ECRI ayrıca okullarda öğrencilerin ya da ebeveynlerinin rızası olmaksızın ve din konusundaki görüşleri dikkate alınmaksızın düzenlendiği bildirilen Ortodoks ayinlerinden de endişe duymaktadır.
ECRI, düzensiz olarak bulunan göçmenlerin insan haklarıyla ilgili tüm temel politika alanlarında güvenlik duvarı olarak adlandırılan uygulamaların bulunmamasından ve bu göçmenlerle ilgili olarak iş mahkemelerinde yürütülen işlemlerin bu göçmenlerin sınır dışı edilmelerine yol açmasından üzüntü duyduğunu belirtmiştir.
ECRI ayrıca bazı gey ve lezbiyenlerin sözde dönüşüm terapilerine tabi tutulmasıyla ilgili olarak bildirilen uygulamaları da ciddî bir endişe konusu olarak görmektedir.
Raporda, “ECRI’yi ilgilendiren çeşitli grupları etkileyen nefret söylemi Kıbrıs’ta kamusal söylemde yaygınlığını korumaktadır. Nefret söylemi olaylarını izlemek için kapsamlı bir sistem mevcut değildir. Buna ek olarak, ırkçı ve diğer nefret söylemi türlerinin ve karşı söylemlerin kamuya mal olmuş kişiler tarafından kesin ve hızlı bir şekilde kınandığı örnekler de münferit kalmaktadır” denildi.

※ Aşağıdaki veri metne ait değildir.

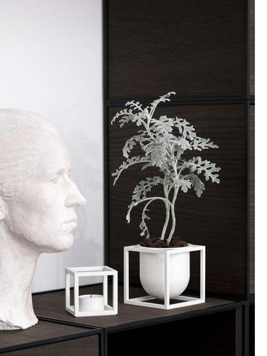 Herb pot, vase or a simple container. The possibilities are endless. Another addition to the Kubus collection, Kubus Flowerpots come in three different sizes: Flowerpot 10, designed by Søren Lassen and Sarah Abbondio; Flowerpot 14; and Flowerpot 23, designed by Søren Lassen. The container is deeper than the classic Kubus Bowl, making this a highly versatile storage item. As the name indicates, it was originally intended as a home for plants and flowers, but with its elegant geometric shape it will sit happily in any space as a standalone piece. The Kubus Flowerpot comes in two distinctive monochrome powder-coated colors enabling it to fit into the interior aesthetic of any style-conscious home. Place it on the table, window sill, on the garden table, on the patio, or hang it on the wall with the new universal fittings that give the Kubus Flowerpot a light, airy contemporary look. Like the other containers in the Kubus collection, this also comes with an insert that’s recommended for planting.

Rapora göre, “ilkokul çağındaki uluslararası koruma başvurusunda bulunan çocukların, genellikle yaşlarına göre normal okul sınıflarına yerleştirilmeleri, merkezi okul derslerinde daha önce edindikleri becerilerin göz ardı edilmesi ve Yunanca hazırlık dersleri verilmemesi, okula entegrasyonları ve okuldaki başarıları önünde büyük bir engel teşkil etmektedir.”
Ayrıca, “Kıbrıs’taki göçmenlere destek verenler başta olmak üzere birçok STK’nın övgüye değer çalışmalarına rağmen, 2017 yılında getirilen yeni kayıt kuralları nedeniyle bu tür bir destek sağlama olanaklarının riske atıldığı” belirtilmektedir.